ENTRIES PROVIDED START
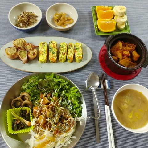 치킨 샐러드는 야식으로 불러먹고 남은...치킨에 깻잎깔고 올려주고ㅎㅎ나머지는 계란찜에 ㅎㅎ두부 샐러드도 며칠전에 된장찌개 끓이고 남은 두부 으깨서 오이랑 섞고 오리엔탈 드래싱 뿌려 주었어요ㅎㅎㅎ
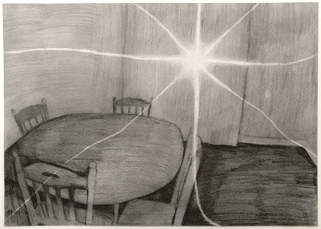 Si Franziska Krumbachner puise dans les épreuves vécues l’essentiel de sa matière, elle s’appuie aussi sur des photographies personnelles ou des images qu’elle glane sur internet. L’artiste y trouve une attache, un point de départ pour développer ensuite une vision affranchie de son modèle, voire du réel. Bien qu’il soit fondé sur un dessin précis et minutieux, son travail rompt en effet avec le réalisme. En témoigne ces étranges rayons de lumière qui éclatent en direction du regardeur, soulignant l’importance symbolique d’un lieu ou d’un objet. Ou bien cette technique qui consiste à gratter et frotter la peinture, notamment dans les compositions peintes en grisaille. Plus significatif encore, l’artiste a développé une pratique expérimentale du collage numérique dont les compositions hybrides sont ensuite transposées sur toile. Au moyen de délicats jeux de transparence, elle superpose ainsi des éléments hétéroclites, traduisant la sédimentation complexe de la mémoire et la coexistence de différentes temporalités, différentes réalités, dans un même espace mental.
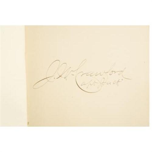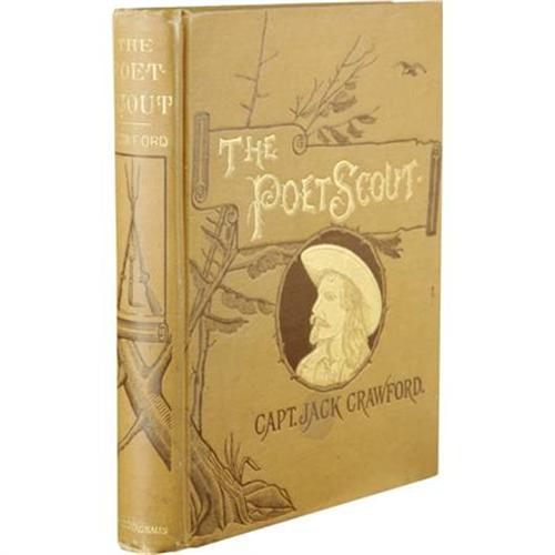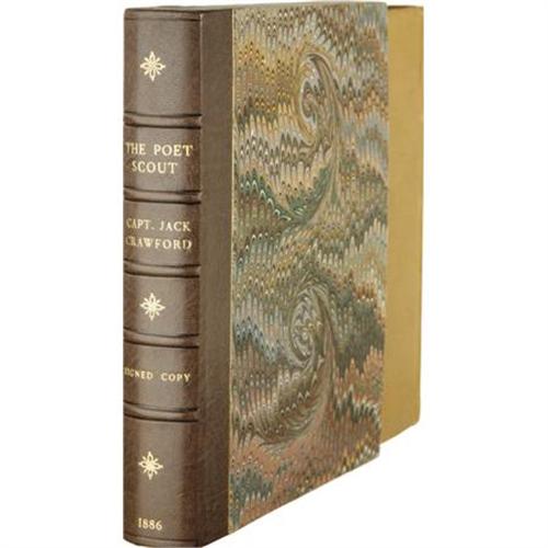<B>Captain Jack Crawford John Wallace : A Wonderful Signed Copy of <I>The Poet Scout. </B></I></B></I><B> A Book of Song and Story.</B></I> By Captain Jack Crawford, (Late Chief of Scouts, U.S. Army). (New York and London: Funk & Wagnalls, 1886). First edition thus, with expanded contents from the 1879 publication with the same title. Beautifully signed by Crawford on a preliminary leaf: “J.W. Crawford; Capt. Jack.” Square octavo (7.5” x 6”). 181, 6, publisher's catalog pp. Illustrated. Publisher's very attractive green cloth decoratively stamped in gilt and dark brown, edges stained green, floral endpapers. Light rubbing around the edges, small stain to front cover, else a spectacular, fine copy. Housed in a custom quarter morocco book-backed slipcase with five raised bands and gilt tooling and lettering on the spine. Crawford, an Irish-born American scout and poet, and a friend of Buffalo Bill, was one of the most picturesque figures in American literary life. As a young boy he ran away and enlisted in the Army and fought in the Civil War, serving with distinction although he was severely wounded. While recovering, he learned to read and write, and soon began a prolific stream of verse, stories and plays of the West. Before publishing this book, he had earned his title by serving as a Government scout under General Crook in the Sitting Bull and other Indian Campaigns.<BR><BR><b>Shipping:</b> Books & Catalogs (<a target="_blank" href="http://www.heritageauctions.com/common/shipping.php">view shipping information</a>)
ENTRIES PROVIDED END
ENTRIES PROVIDED START
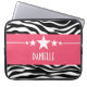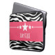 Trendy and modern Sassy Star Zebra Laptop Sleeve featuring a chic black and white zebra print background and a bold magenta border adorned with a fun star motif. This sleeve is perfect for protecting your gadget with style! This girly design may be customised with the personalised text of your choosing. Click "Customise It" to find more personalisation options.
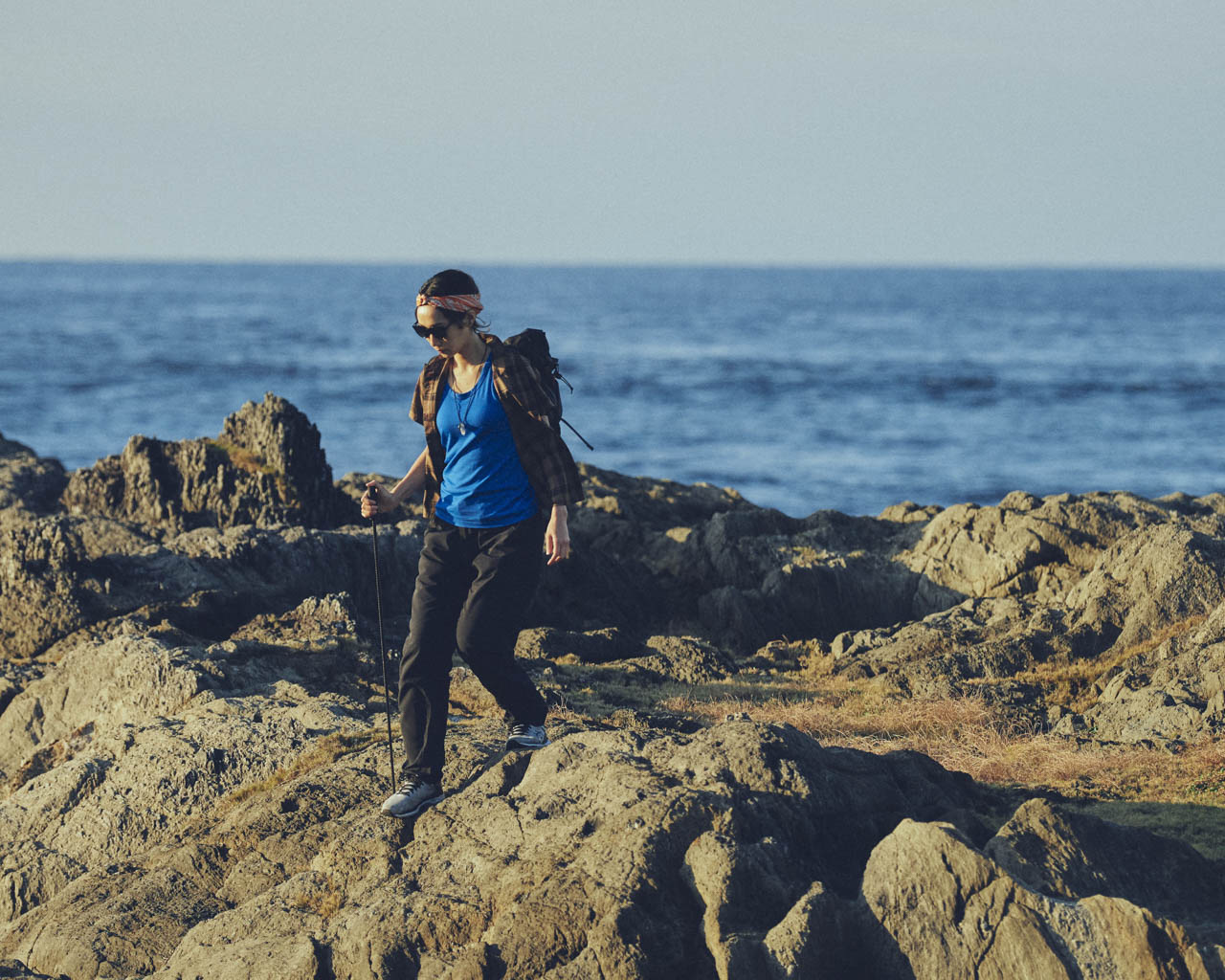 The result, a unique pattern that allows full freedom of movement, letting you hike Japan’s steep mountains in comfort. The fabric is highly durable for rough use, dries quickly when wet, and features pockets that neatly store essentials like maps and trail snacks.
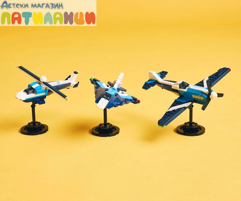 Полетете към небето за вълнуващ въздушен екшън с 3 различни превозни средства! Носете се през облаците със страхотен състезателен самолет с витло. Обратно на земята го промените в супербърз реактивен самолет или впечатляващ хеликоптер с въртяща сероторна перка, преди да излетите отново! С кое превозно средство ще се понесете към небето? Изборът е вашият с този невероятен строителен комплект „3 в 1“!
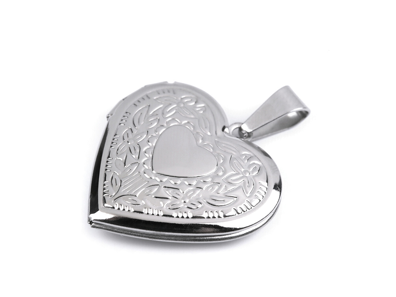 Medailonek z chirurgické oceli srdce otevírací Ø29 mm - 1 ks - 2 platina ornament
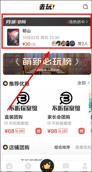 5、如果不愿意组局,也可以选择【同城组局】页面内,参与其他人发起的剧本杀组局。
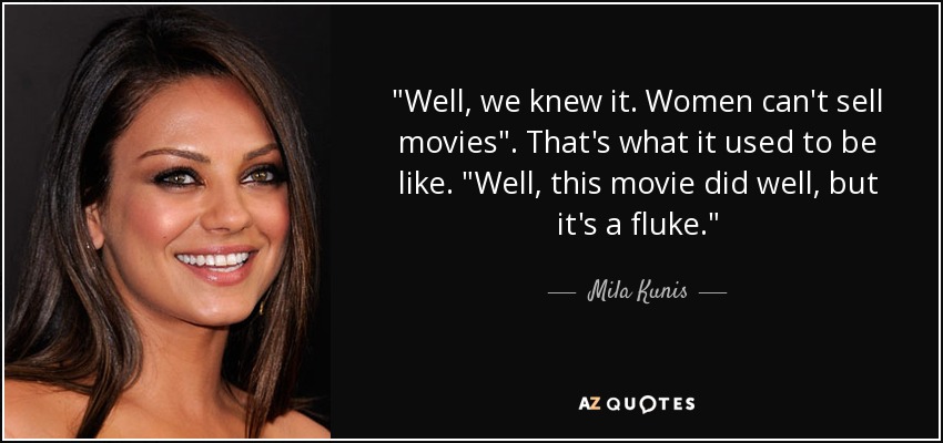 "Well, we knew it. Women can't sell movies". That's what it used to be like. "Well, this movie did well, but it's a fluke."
ENTRIES PROVIDED END
ENTRIES PROVIDED START
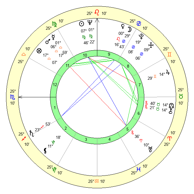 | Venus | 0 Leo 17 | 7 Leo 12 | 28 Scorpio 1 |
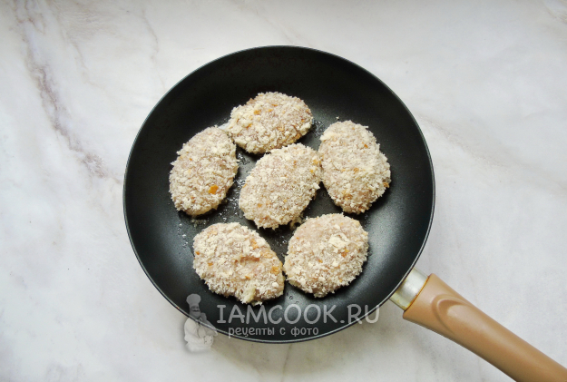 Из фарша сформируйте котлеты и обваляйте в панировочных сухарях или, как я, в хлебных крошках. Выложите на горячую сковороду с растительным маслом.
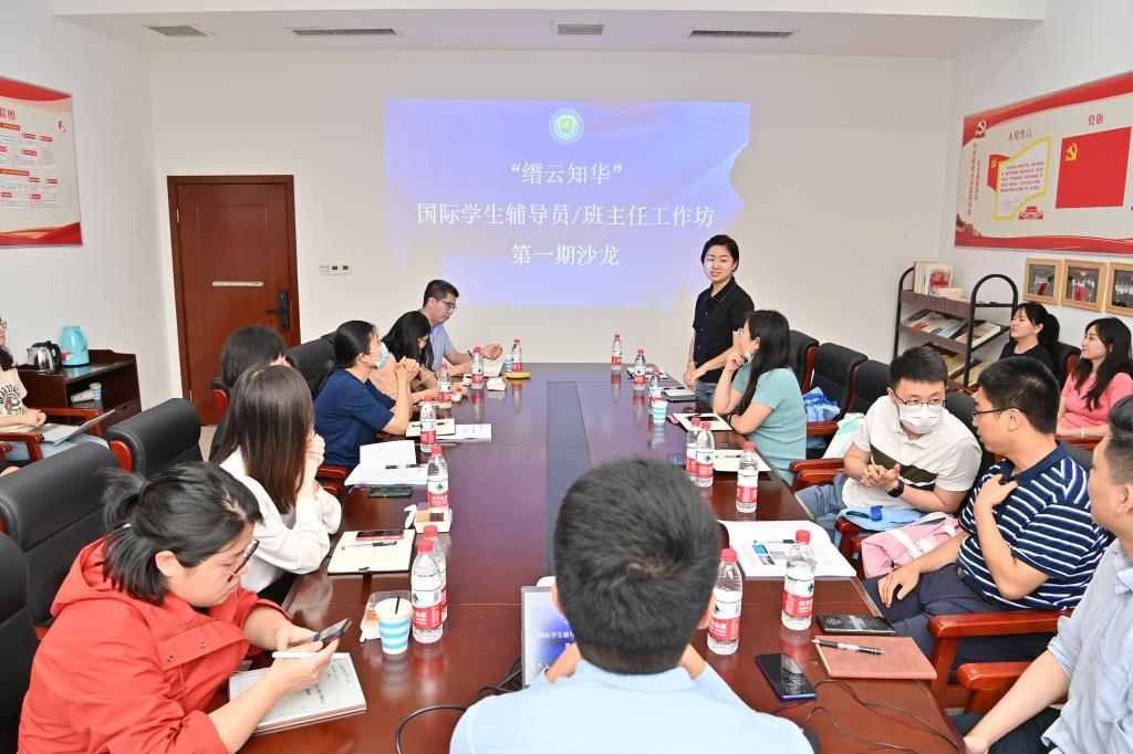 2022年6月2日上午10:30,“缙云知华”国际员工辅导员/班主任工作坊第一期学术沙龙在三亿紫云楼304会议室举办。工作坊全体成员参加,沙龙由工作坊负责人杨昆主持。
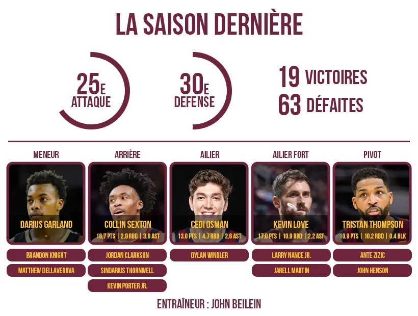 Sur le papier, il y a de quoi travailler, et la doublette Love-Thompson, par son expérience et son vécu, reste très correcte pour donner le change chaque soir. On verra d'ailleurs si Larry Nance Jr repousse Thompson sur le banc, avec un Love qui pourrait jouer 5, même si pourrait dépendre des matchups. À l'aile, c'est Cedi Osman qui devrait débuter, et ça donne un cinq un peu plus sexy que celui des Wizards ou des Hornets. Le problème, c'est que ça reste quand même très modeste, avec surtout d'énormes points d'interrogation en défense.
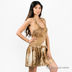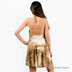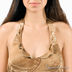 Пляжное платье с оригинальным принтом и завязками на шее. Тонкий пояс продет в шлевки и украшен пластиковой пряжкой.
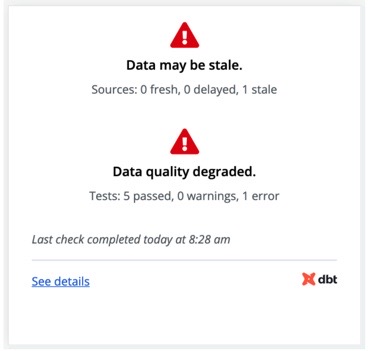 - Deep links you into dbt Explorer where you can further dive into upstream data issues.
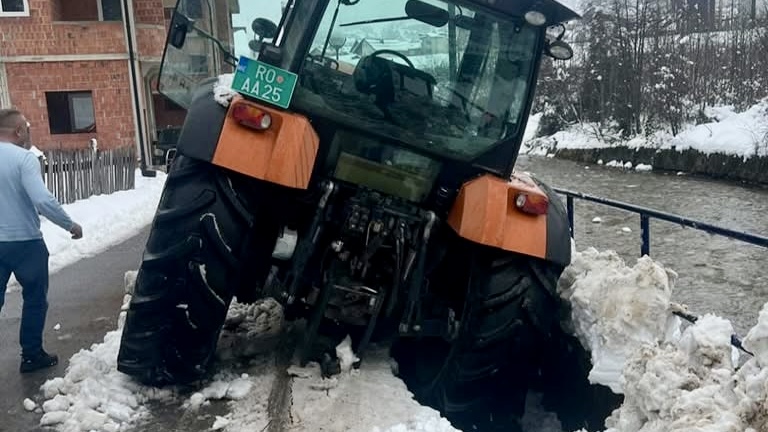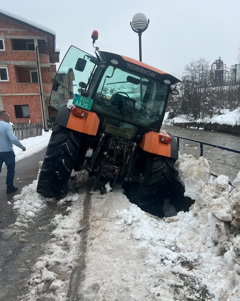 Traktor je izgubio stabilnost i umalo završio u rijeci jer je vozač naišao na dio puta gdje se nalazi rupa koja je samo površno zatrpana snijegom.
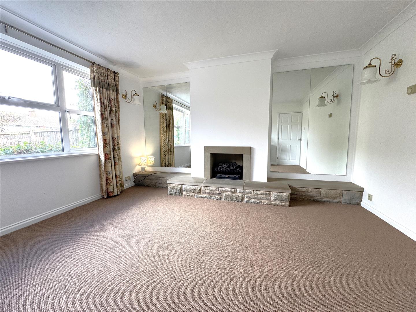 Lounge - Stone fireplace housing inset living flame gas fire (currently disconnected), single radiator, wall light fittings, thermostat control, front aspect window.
ENTRIES PROVIDED END
Make an exact copy of the lines above, beginning with the line with "Traktor je izgubio" and ending with the line with "Lounge - Stone", and keep the pictures out of it.

▶ SOLVED EXERCISE:
 Traktor je izgubio stabilnost i umalo završio u rijeci jer je vozač naišao na dio puta gdje se nalazi rupa koja je samo površno zatrpana snijegom.
 Lounge - Stone fireplace housing inset living flame gas fire (currently disconnected), single radiator, wall light fittings, thermostat control, front aspect window.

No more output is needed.